Fig. 1 is a schematic front view of a cross-sectional structure of the present invention;

FIG. 2 is a schematic view of the front view of the present invention;

FIG. 3 is a schematic view of a cross-sectional enlarged structure of the dust hood of the present invention;

fig. 4 is an enlarged schematic view of the heat dissipation structure of the present invention;

fig. 5 is a schematic view of the cross-sectional structure of the sidewall of the device housing according to the present invention.

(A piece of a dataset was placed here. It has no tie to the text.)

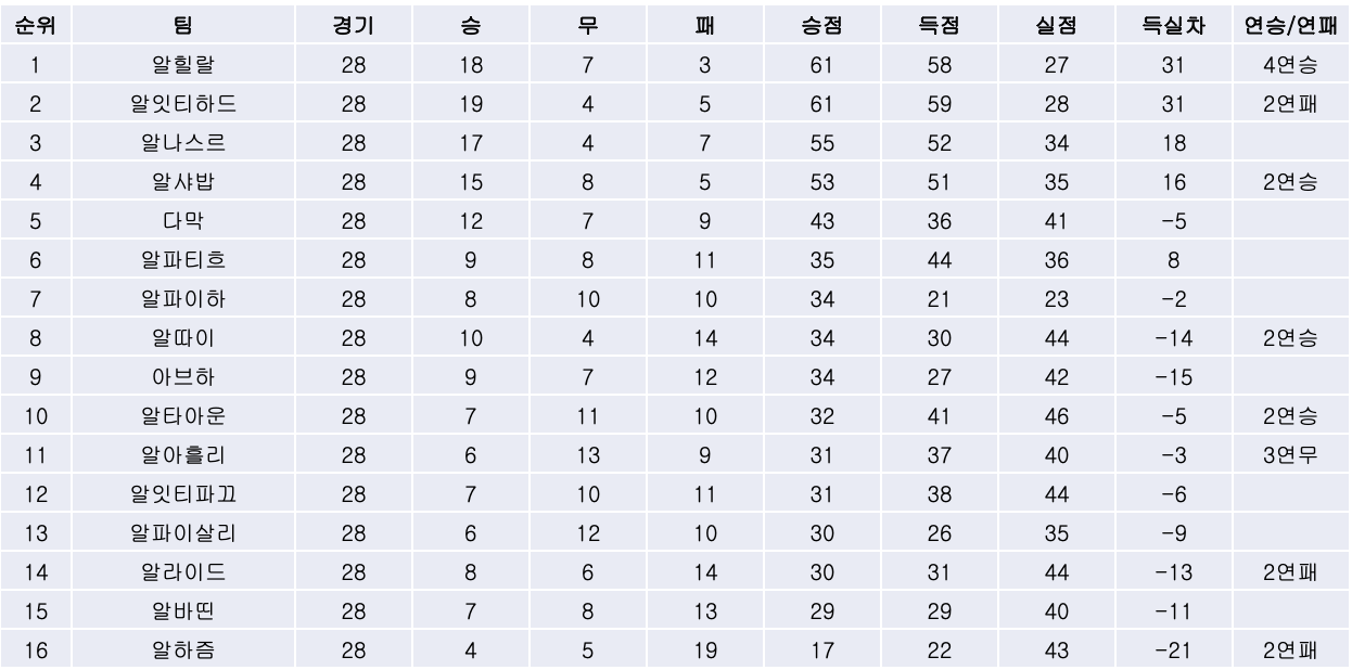 2. 리그 순위

In the figure: 1. a universal locking wheel; 2. a base plate; 3. a damping sheet; 4. a lower damping groove; 5. a buffer column; 6. an equipment housing; 7. an upper damping groove; 8. buffering the cotton sliver; 9. a top plate; 10. a buffer frame; 11. a clamping block; 12. a spring; 13. a rubber pad; 14. a chute; 15. a dust hood; 16. placing a drawer; 17. a heat dissipation structure; 1701. a heat dissipation cover; 1702. a heat-conducting silicon wafer; 1703. heat dissipation fins; 1704. a heat radiation fan; 1705. heat dissipation holes; 18. a dust screen; 19. a heat absorbing block; 20. a wire holder; 21. a through hole; 22. a slider; 23. a sponge layer; 24. a ground chamber; 25. a trip lever; 26. a door body; 27. a vent hole; 28. a centrifugal fan; 29. a card slot; 30. a dust removal sheet; 31. a titanium nanolayer; 32. a polyurethane waterproof coating.

Detailed Description

The technical solutions in the embodiments of the present invention will be described clearly and completely with reference to the accompanying drawings in the embodiments of the present invention, and it is obvious that the described embodiments are only some embodiments of the present invention, not all embodiments. Based on the embodiments in the present invention, all other embodiments obtained by a person skilled in the art without creative work belong to the protection scope of the present invention.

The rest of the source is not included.